Lint the prose inside code

scan reads the natural-language prose out of source files and ignores the code itself. Python docstrings and comments are extracted with ast and tokenize; JS/TS JSDoc and comments with a best-effort regex. Code linters check the code and skip the prose; prose linters skip code files. slopscore-lint covers the gap.

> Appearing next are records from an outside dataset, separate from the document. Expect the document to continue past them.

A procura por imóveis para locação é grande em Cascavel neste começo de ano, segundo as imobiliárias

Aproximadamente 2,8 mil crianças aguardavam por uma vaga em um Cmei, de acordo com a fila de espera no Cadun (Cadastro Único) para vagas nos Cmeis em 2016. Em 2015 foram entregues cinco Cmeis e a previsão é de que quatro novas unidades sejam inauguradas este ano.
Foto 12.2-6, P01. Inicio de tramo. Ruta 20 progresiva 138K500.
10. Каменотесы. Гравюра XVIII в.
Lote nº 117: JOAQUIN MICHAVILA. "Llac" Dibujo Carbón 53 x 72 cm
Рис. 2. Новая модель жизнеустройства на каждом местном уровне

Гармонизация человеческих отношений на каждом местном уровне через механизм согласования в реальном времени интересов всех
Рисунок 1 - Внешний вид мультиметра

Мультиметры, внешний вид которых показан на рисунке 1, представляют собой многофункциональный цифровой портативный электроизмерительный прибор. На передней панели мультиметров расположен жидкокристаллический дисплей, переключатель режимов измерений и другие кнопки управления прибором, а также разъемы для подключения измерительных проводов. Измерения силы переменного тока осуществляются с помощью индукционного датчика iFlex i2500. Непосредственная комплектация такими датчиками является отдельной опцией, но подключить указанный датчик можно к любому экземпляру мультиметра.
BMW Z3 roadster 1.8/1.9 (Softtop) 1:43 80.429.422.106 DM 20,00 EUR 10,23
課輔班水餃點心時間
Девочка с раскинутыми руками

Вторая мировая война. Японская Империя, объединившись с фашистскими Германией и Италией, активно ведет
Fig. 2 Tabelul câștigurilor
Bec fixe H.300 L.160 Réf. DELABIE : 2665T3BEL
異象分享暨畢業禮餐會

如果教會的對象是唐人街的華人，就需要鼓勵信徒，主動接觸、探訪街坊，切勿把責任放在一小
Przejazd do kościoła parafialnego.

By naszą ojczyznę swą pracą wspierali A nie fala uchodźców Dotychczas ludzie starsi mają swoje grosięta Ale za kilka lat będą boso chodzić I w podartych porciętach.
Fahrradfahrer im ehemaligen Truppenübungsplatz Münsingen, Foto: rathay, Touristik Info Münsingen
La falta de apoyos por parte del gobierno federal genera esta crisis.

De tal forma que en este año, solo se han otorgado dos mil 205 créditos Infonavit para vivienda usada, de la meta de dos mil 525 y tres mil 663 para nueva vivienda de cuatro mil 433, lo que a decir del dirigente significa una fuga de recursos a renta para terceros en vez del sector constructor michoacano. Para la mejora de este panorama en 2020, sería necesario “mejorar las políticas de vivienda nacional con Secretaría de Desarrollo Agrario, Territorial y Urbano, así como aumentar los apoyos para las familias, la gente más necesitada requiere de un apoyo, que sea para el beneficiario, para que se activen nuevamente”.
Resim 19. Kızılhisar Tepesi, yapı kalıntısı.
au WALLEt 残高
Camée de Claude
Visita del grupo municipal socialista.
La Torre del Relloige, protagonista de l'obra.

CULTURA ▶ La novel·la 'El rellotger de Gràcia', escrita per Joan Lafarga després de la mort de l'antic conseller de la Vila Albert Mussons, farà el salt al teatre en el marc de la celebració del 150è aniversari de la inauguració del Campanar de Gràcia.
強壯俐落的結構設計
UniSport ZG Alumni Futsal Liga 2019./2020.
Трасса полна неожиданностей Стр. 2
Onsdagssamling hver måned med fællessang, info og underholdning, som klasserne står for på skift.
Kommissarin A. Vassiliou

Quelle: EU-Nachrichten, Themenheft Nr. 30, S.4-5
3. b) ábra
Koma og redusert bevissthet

slopscore-lint scan src/app.py            # docstrings + comments in one file
slopscore-lint scan src/ --recursive      # across a package
slopscore-lint scan README.md --fail-on high

Offsets in the report index the extracted prose, so SARIF and HTML line numbers are relative to that prose, not the raw source bytes (the same contract as Markdown ingestion).

Audit fairness

Pattern detectors are known to over-flag competent plain and non-native English. slopscore-lint is the only slop linter that measures and publishes this. The fairness command scans the clean rows in the benchmark's simple_english and non_native slices and reports how often each rule fires:

slopscore-lint fairness                  # per-rule false-positive rate on plain/ESL text
slopscore-lint fairness --threshold 0.1  # flag rules over 10 percent

A rule that fires on competent plain or non-native writing is a fairness liability, not a catch. The shipped rule scorer fires on neither slice (0 percent), which is why it stays the default over the learned model. See Limitations & authorship and the Benchmark & results.

Triage a long document

A clean introduction can hide a sloppy middle behind a low average. --by-paragraph scores each paragraph and prints them worst-first so you can find the section to fix:

slopscore-lint scan article.md --by-paragraph

Short paragraphs abstain, as usual, so treat this as triage, not a per-paragraph verdict.